- **YOUR TASK**
Your copy starts at the line containing "- Initially profile" and ends at the last line of the material below. Reproduce those lines exactly, with no pictures.

- **DATA FOR THIS EXERCISE**
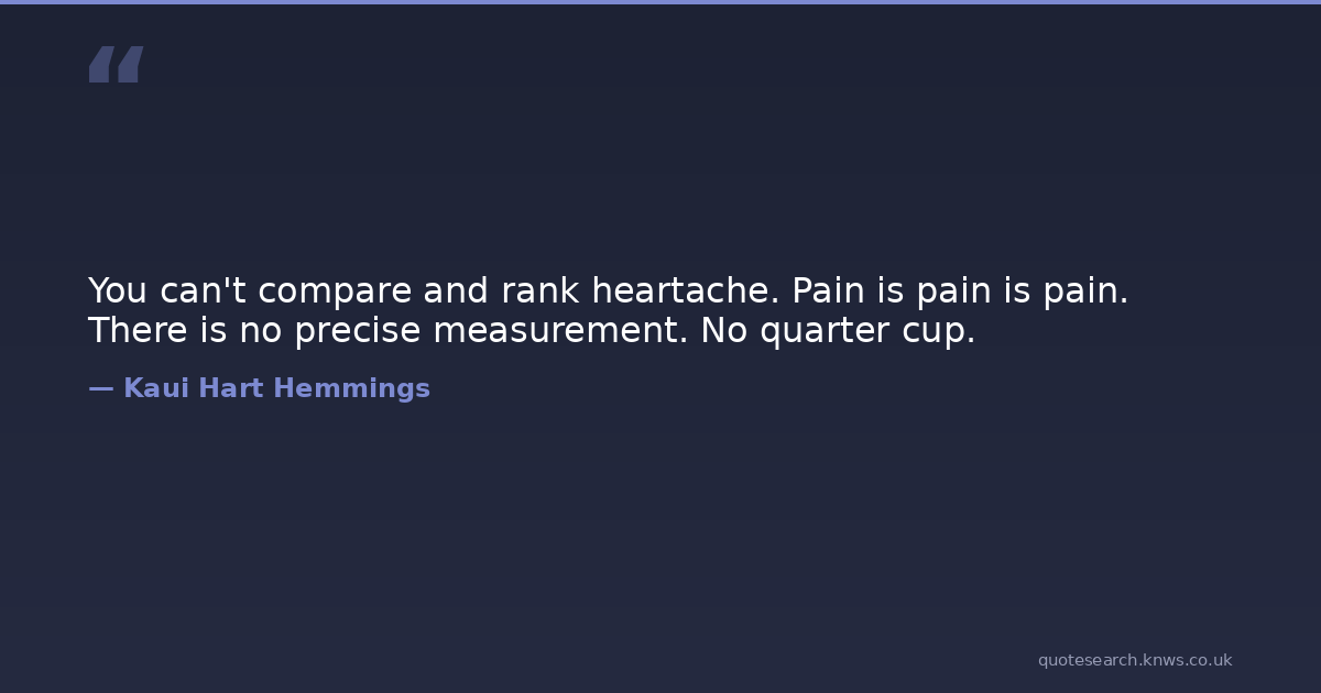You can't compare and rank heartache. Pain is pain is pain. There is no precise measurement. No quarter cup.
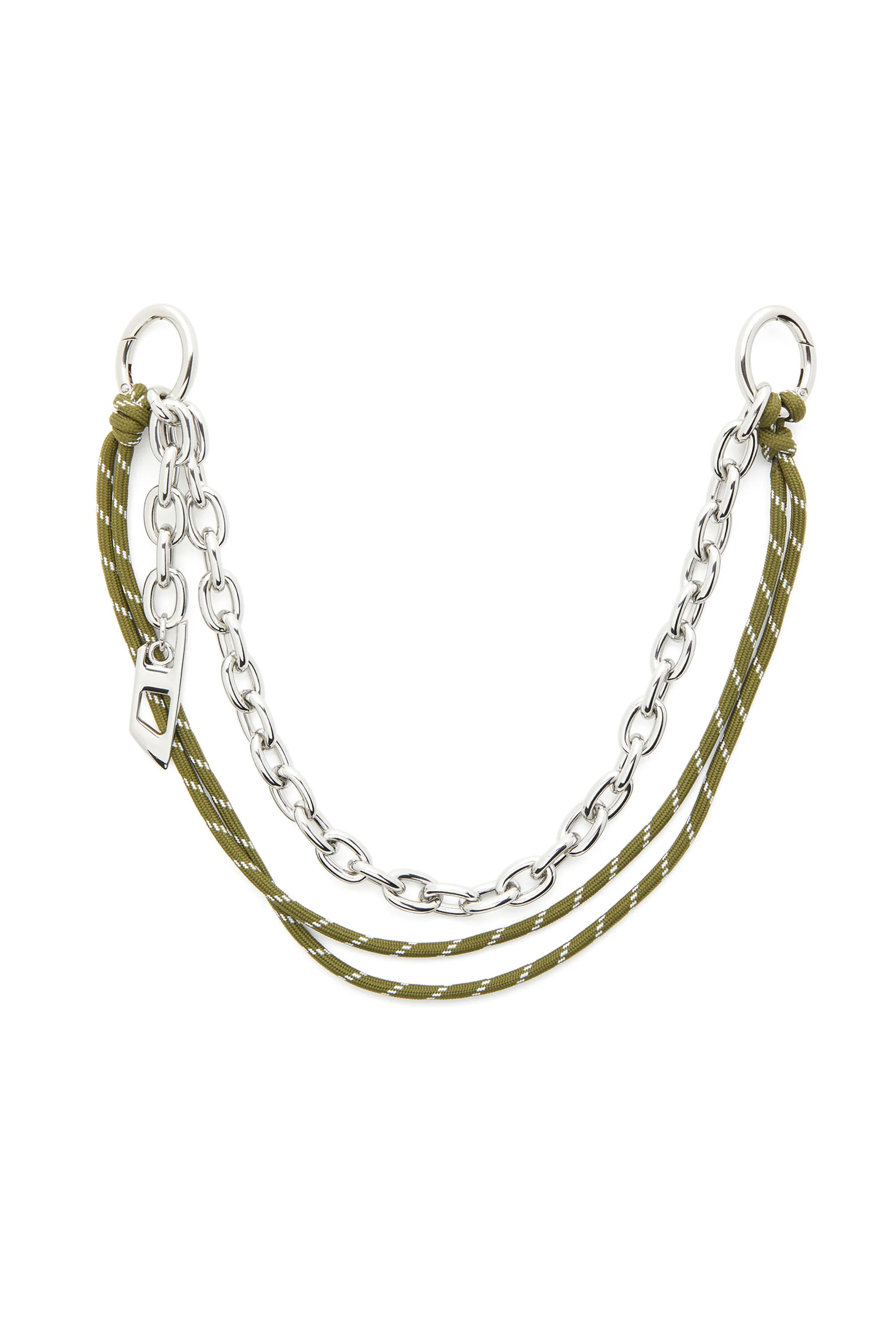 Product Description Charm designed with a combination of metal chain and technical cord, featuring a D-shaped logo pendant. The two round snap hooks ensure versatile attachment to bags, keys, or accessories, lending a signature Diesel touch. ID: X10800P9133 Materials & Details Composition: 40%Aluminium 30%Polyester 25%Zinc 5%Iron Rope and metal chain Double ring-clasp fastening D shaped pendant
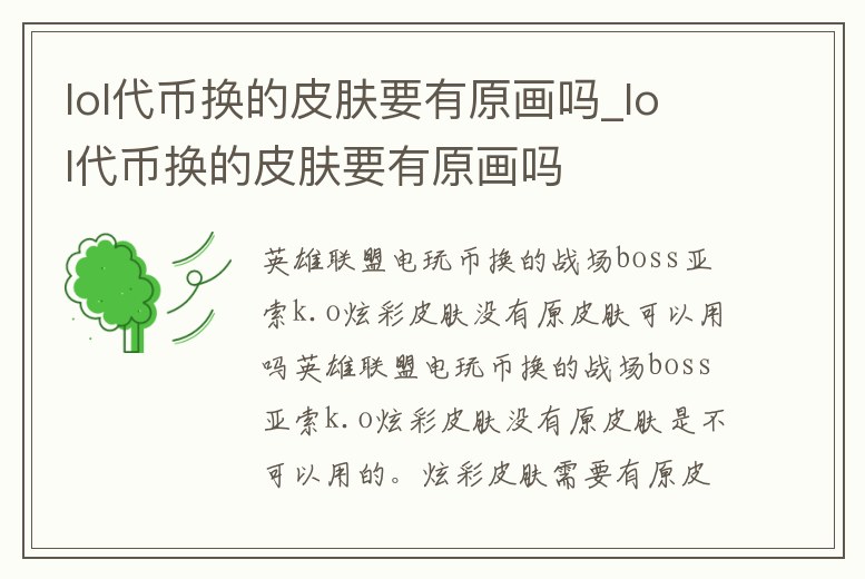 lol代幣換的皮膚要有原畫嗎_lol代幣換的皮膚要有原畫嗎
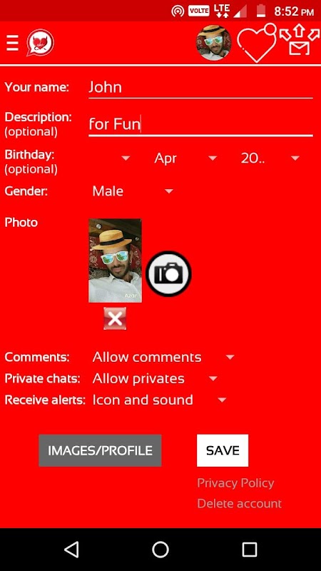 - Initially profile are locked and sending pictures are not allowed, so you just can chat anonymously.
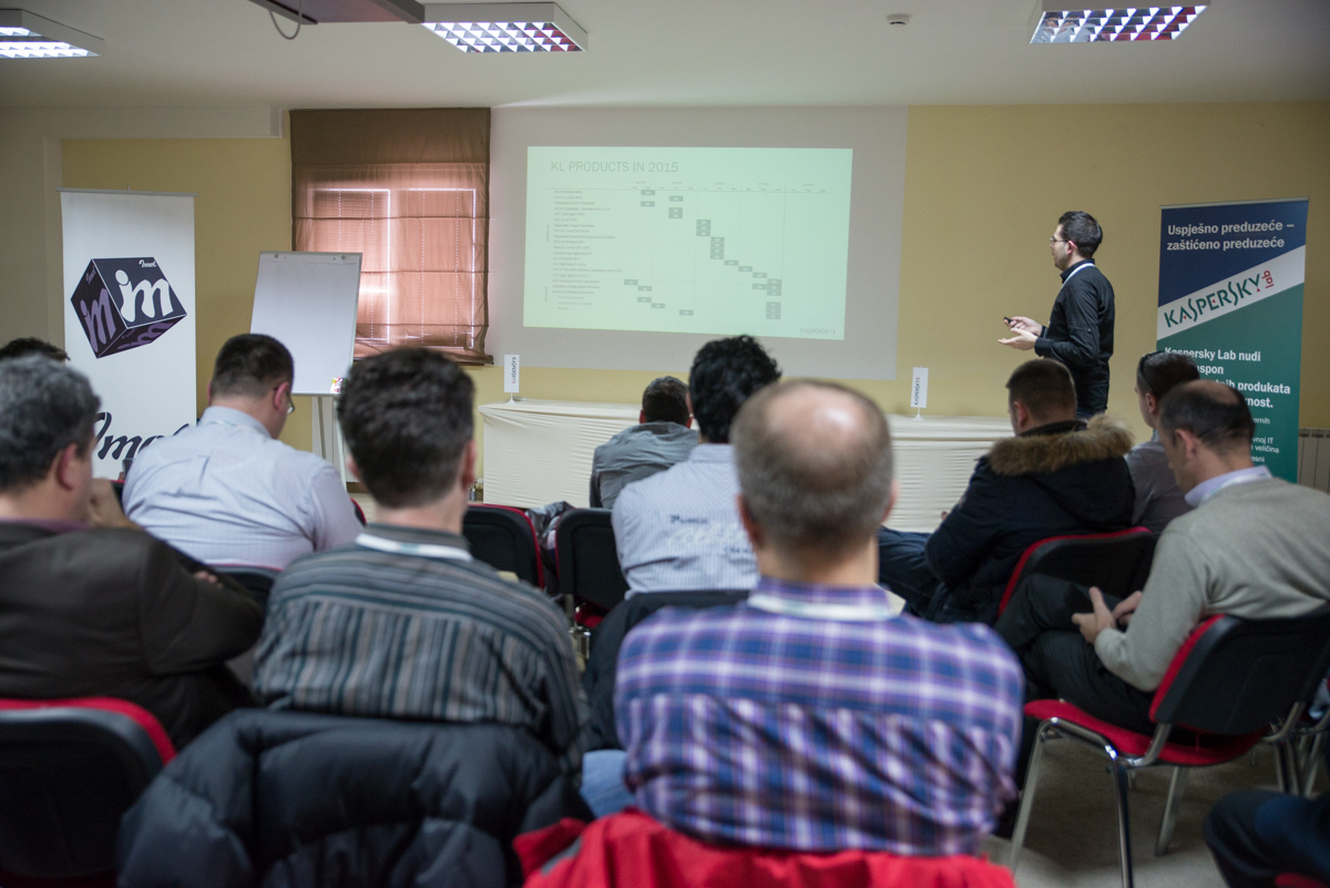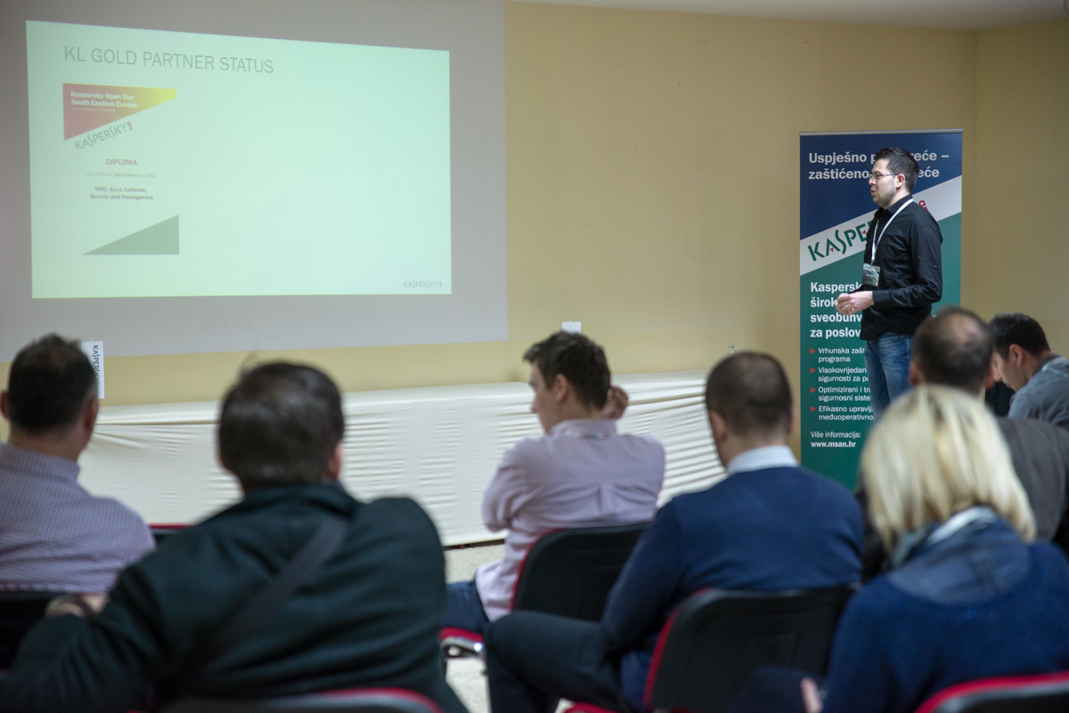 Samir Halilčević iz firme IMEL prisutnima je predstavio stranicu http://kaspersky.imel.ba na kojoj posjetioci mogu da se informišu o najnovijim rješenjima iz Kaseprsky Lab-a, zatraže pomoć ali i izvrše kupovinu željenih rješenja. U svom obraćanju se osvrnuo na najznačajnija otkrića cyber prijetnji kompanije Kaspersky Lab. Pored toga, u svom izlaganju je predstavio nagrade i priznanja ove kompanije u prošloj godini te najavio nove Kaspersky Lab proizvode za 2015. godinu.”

- **SOLUTION FOR THIS EXERCISE**
 - Initially profile are locked and sending pictures are not allowed, so you just can chat anonymously.
 Samir Halilčević iz firme IMEL prisutnima je predstavio stranicu http://kaspersky.imel.ba na kojoj posjetioci mogu da se informišu o najnovijim rješenjima iz Kaseprsky Lab-a, zatraže pomoć ali i izvrše kupovinu željenih rješenja. U svom obraćanju se osvrnuo na najznačajnija otkrića cyber prijetnji kompanije Kaspersky Lab. Pored toga, u svom izlaganju je predstavio nagrade i priznanja ove kompanije u prošloj godini te najavio nove Kaspersky Lab proizvode za 2015. godinu.”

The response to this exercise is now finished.